[Stored items]
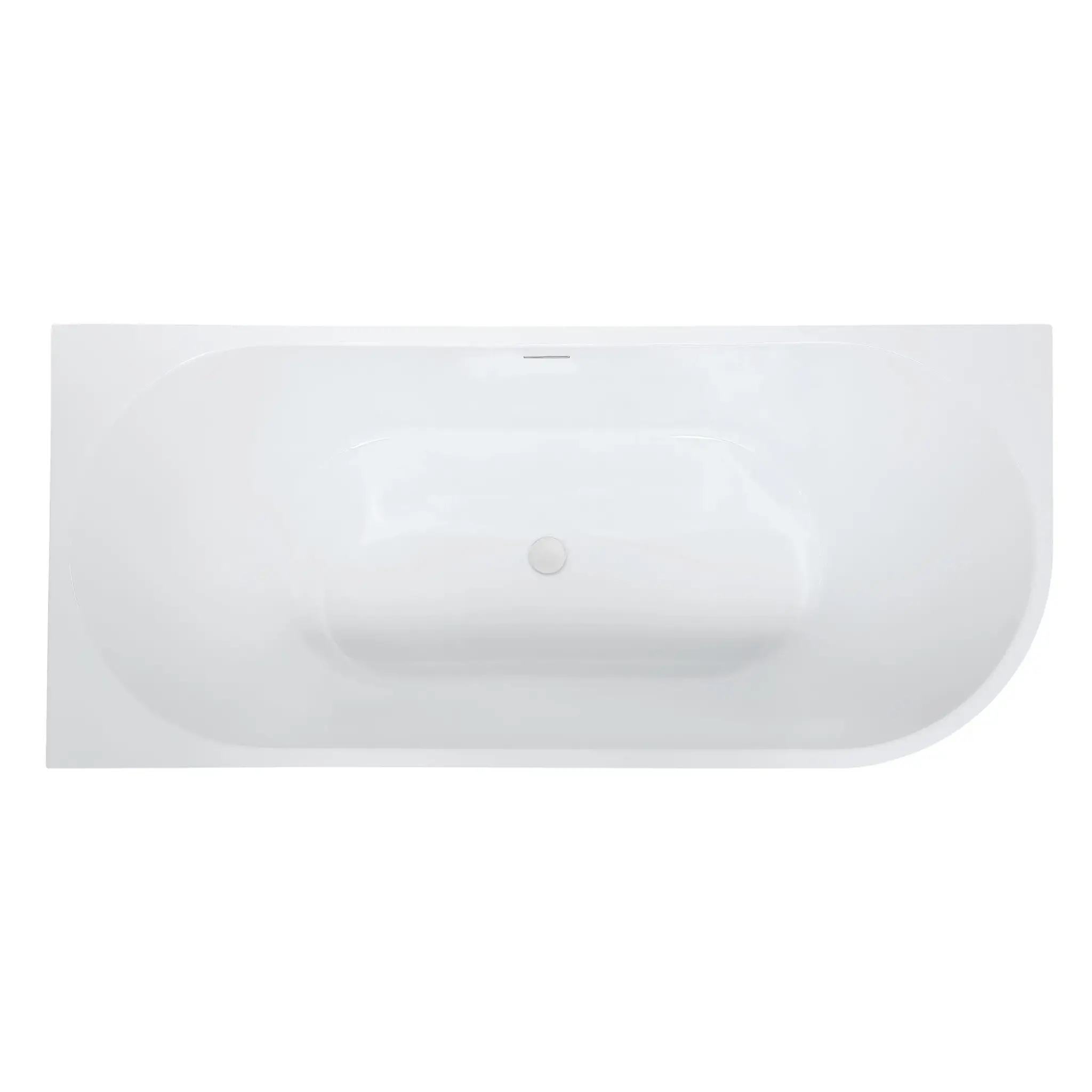 Dit half vrijstaand bad is ontworpen om in de linkerhoek van je badkamer te passen, waardoor het een slimme keuze is voor ruimtes met beperkte ruimte. De moderne lijnen en glans witte afwerking zorgen ervoor dat dit bad er niet alleen goed uitziet, maar ook gemakkelijk te combineren is met verschillende badkamerstijlen.
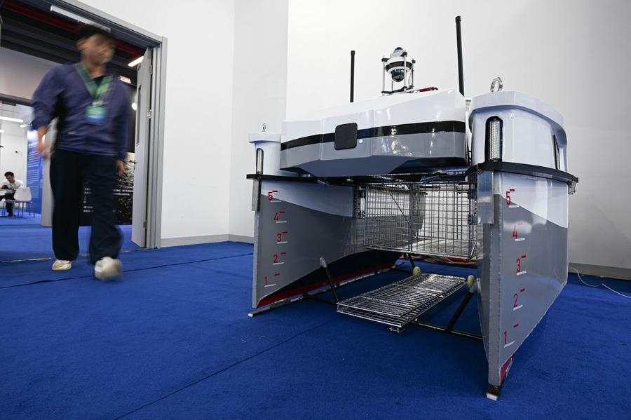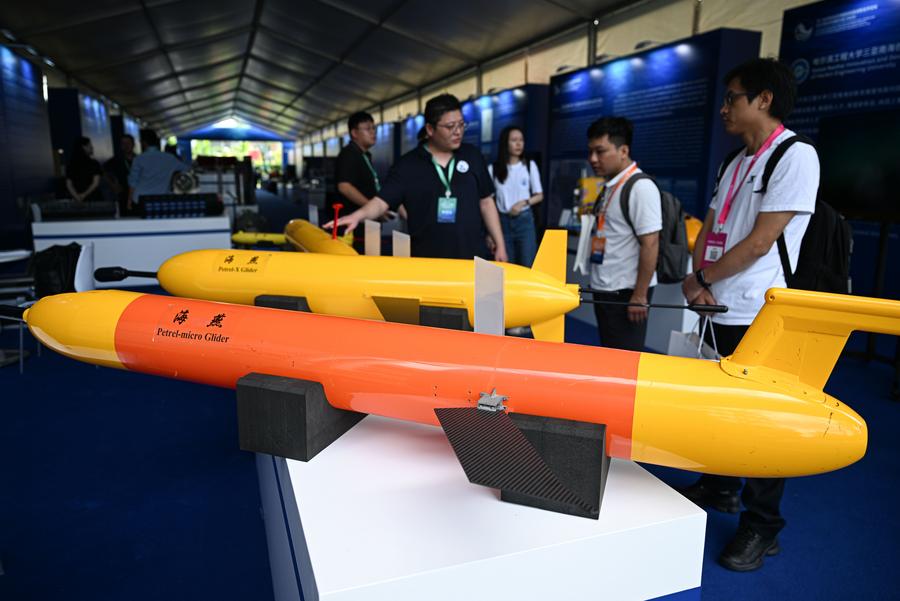 People visit the Deep-Sea Advanced Technology & Equipment Achievement Exhibition in Sanya, south China's Hainan Province, Oct. 29, 2025. (Xinhua/Pu Xiaoxu)An exhibitor introduces a product to visitors at the Deep-Sea Advanced Technology & Equipment Achievement Exhibition in Sanya, south China's Hainan Province, Oct. 29, 2025. (Xinhua/Pu Xiaoxu)This photo taken on Oct. 29, 2025 shows a smart unmanned cruising device for cleaning surface ocean waters at the Deep-Sea Advanced Technology & Equipment Achievement Exhibition in Sanya, south China's Hainan Province. (Xinhua/Pu Xiaoxu)This photo taken on Oct. 29, 2025 shows models of underwater gliders at the Deep-Sea Advanced Technology & Equipment Achievement Exhibition in Sanya, south China's Hainan Province. (Xinhua/Pu Xiaoxu)■
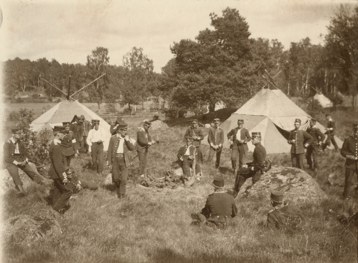 Titel: Gruppbild med soldater från Göta livgarde I 2 framför tältläger.
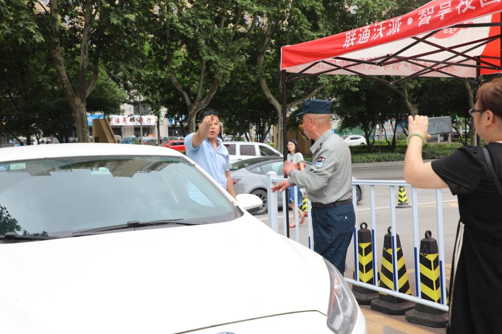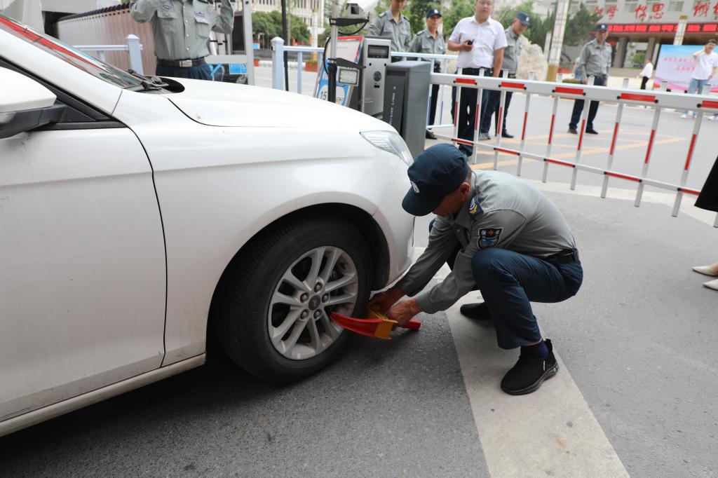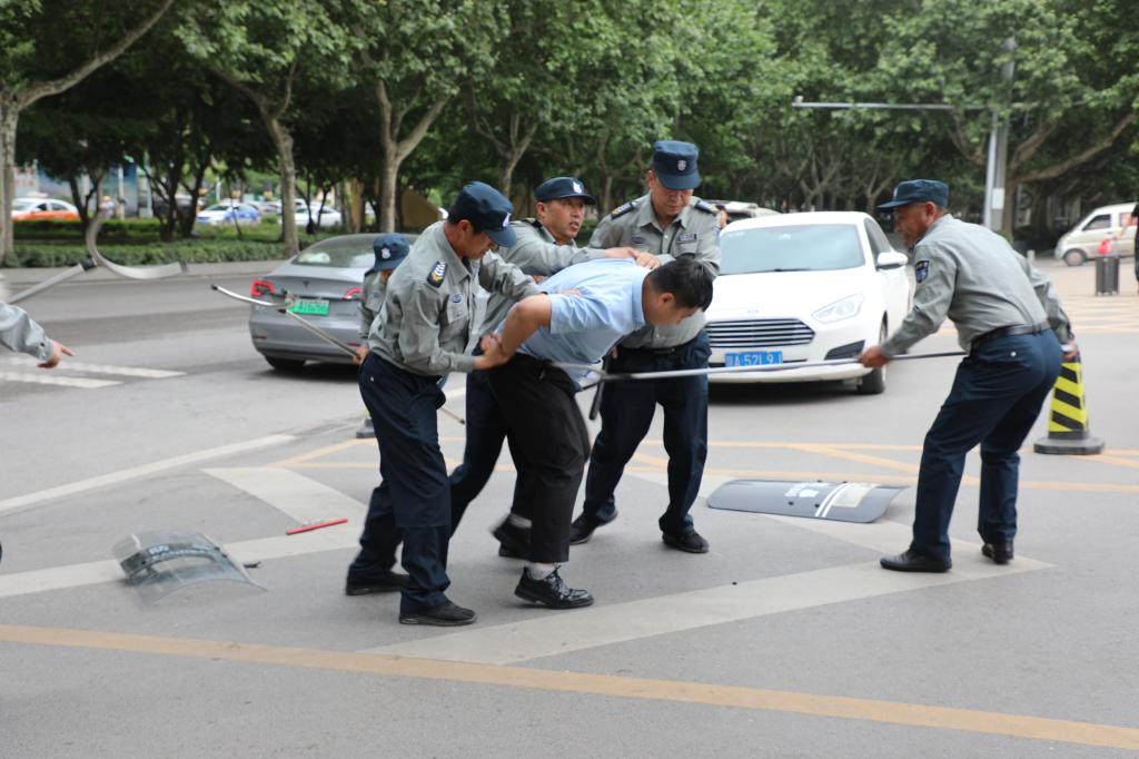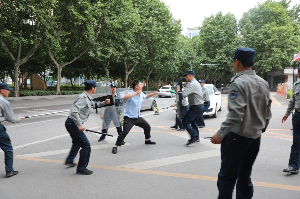 第二环节,模拟一名“暴恐分子”企图驾车冲入校园,门岗保安队员发现后立刻携带防暴装备前往支援,利用钢叉、盾牌、警棍等防暴装备迅速控制“暴徒”,并将车辆锁停,同时打开应急通道,恢复大门区域正常出入秩序。
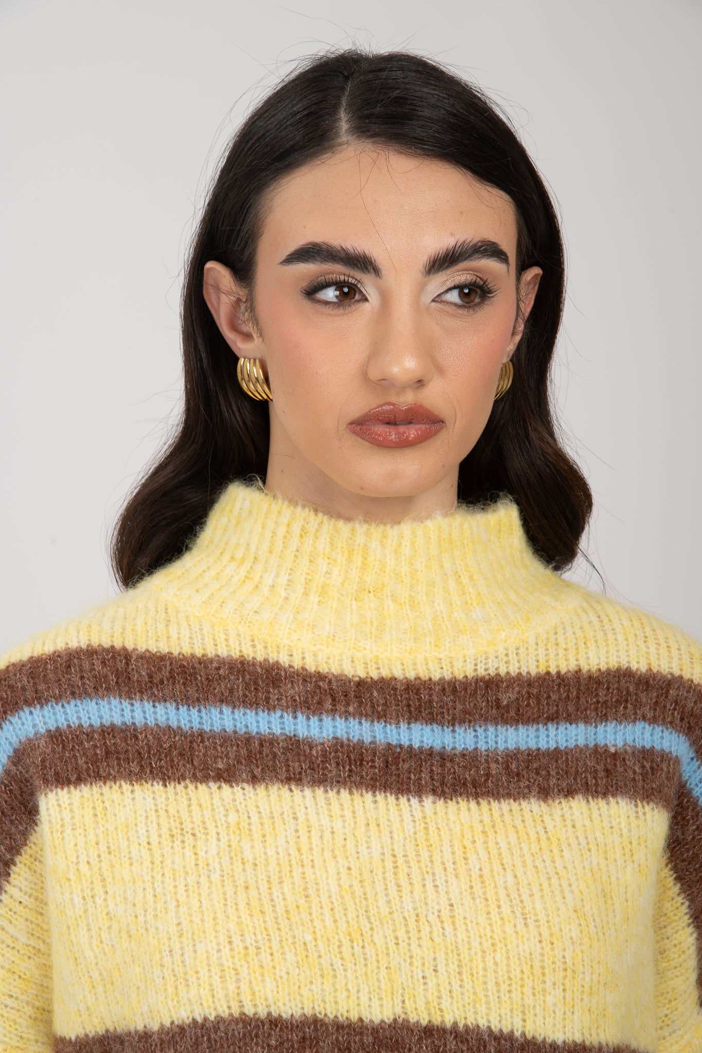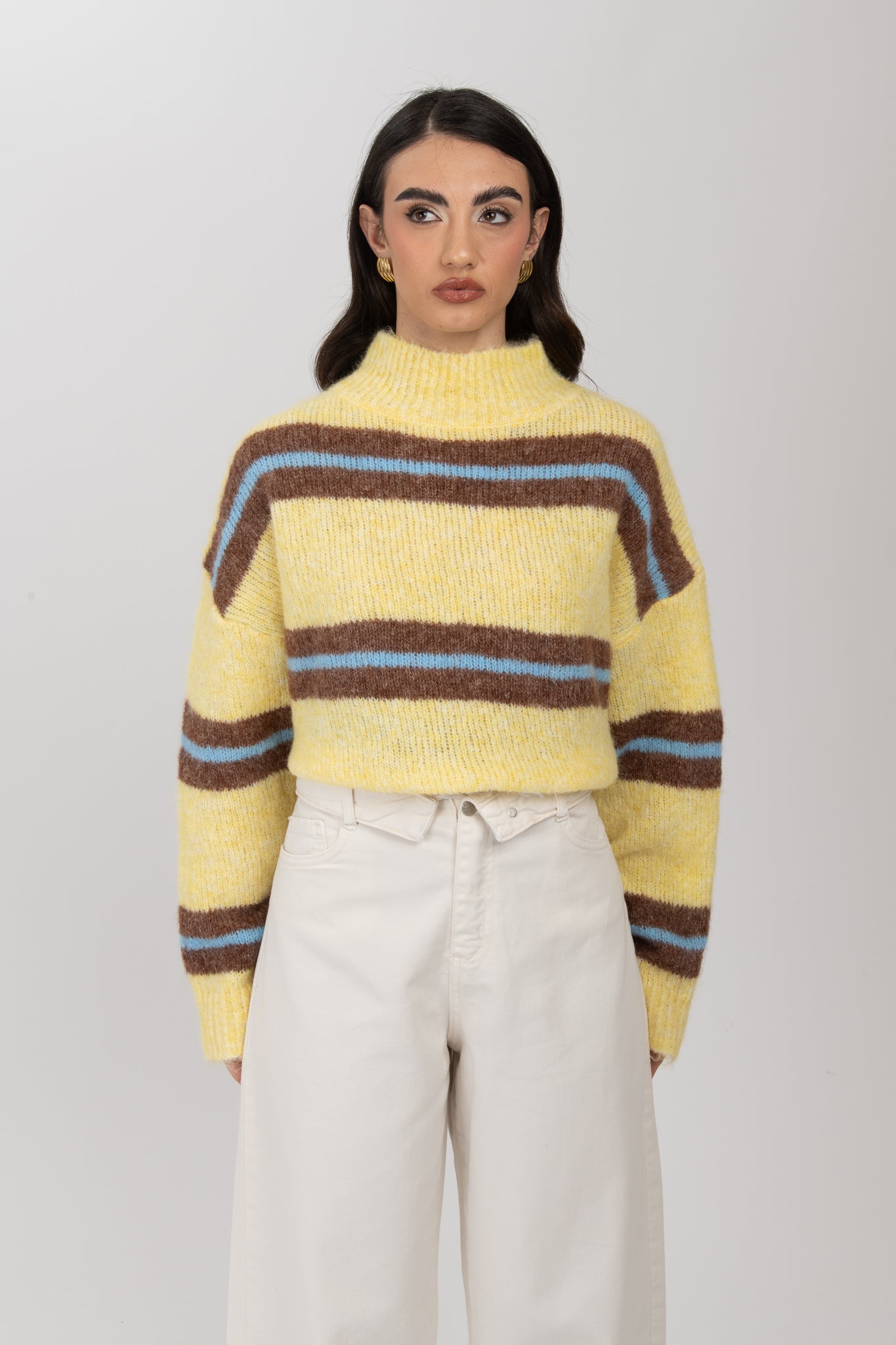 Maglione ‘9% LANA Mezzo Collo’ Giallo Cacao e Azzurro
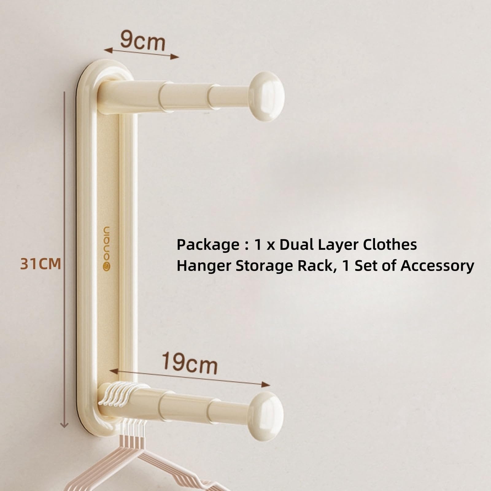 Verstelbare maat: de wandgemonteerde kleerhangerstang is L19 x H31CM en biedt plaats aan 50-65 hangers, wat een effectief opbergeffect bereikt.
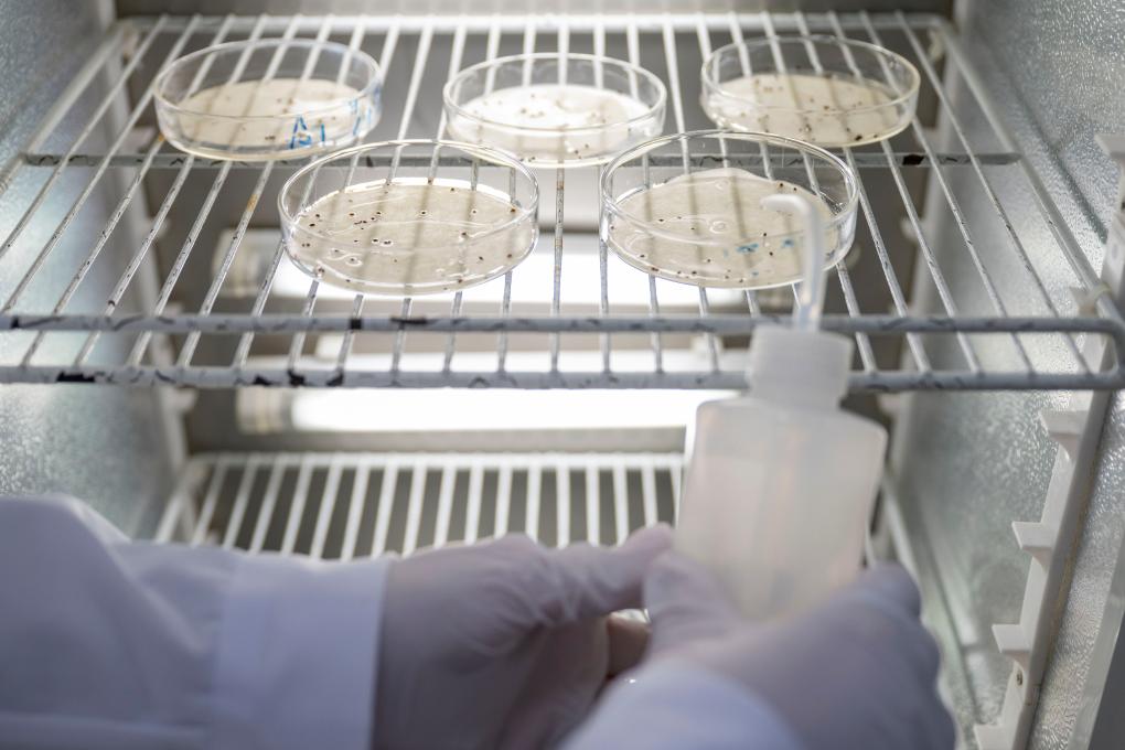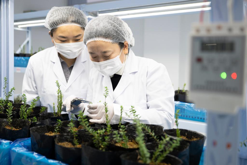 6日、撫遠市にあるクランベリー研究開発センターのスマート培養室で、種子の状態を確認する従業員。(撫遠=新華社記者/張濤)

TASK REQUIREMENTS: Repeat exactly the lines above, starting at the one that contains "Maglione ‘9% LANA" and stopping at the last line of the entries, and leave out the pictures.

OUTPUT BELOW:
 Maglione ‘9% LANA Mezzo Collo’ Giallo Cacao e Azzurro
 Verstelbare maat: de wandgemonteerde kleerhangerstang is L19 x H31CM en biedt plaats aan 50-65 hangers, wat een effectief opbergeffect bereikt.
 6日、撫遠市にあるクランベリー研究開発センターのスマート培養室で、種子の状態を確認する従業員。(撫遠=新華社記者/張濤)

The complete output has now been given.